Purists will hold forth on the differences between vampire and zombie, but the family resemblance is unmistakable. Both are human forms seized by an animal aggression, which manifests itself in an insatiable desire to feed on the flesh of innocents. (Blood, brains, whatever; it’s a matter of taste.) Moreover, that very act of biting, in most contemporary versions of both myths, transforms the victims into undead ghouls themselves.
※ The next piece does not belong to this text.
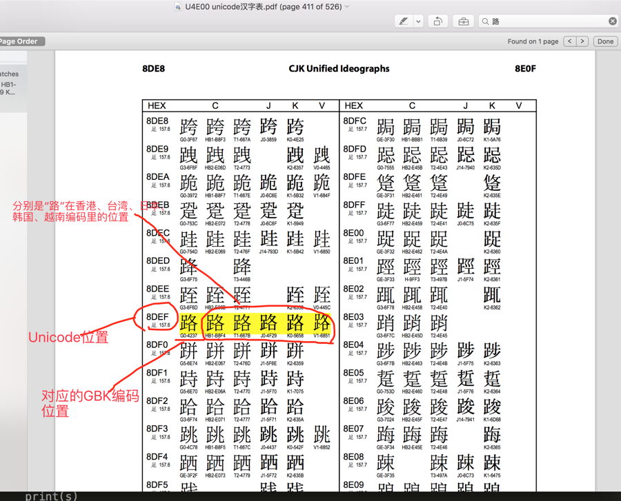 靠上面字节个数,虽然也能大体判断是什么类型,但总觉得不是很专业。 怎么才能精确的验证一个字符的编码呢,就是拿这些16进制的数跟编码表里去匹配。 “路飞学城”的unicode编码的映射位置是 u'\u8def\u98de\u5b66\u57ce' ,‘\u8def’ 就是‘路’,到表里搜一下。 “路飞学城”对应的GBK编码是'\xc2\xb7\xb7\xc9\xd1\xa7\xb3\xc7' ,2个字节一个中文,"路" 的二进制 "\xc2\xb7"是4个16进制,正好2字节,拿它到unicode映射表里对一下, 发现是G0-4237,并不是\xc2\xb7呀。。。擦。演砸了吧。。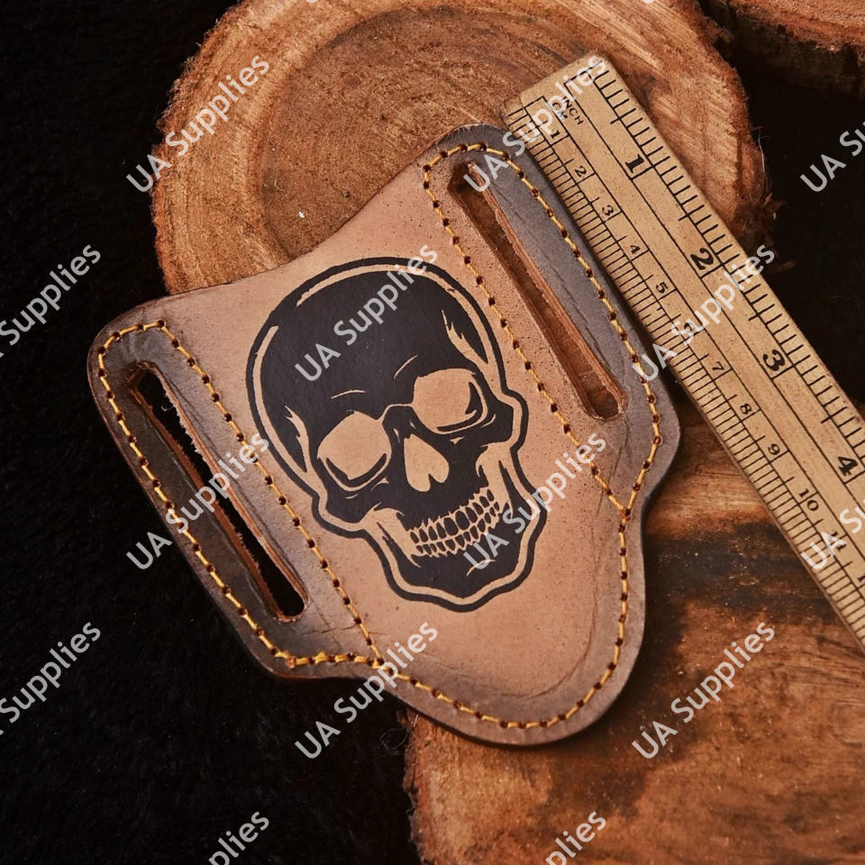 ปลอกมีดพับแบบแพนเค้กหนังแท้ สะพายแนวนอน ทำมือจากหนังวัวแท้ สำหรับพกพา EDC ราคาขายส่ง

Our vampires and zombies (as well as such poor relations as werewolves) all serve as carriers for vaguely similar saliva-borne infections. These mythical contagions are especially odd because they have so few analogues in the natural world. Indeed, there is really only one: the rabies virus.

A fatal infection of the brain, rabies is particularly devastating to the limbic system, one of the most primitive parts of the brain. Fear, anger and desire are hijacked by the virus, which meanwhile replicates prolifically in the salivary glands. The infected host, deprived of any sense of caution, is driven to furious attack and sometimes also racked with intense sexual urges. Today we know that most new diseases come from our contact with animal populations, but with rabies this transition is visible, visceral, horrible. A maddened creature bites a human, and some time later, the human is seized with the same animal madness.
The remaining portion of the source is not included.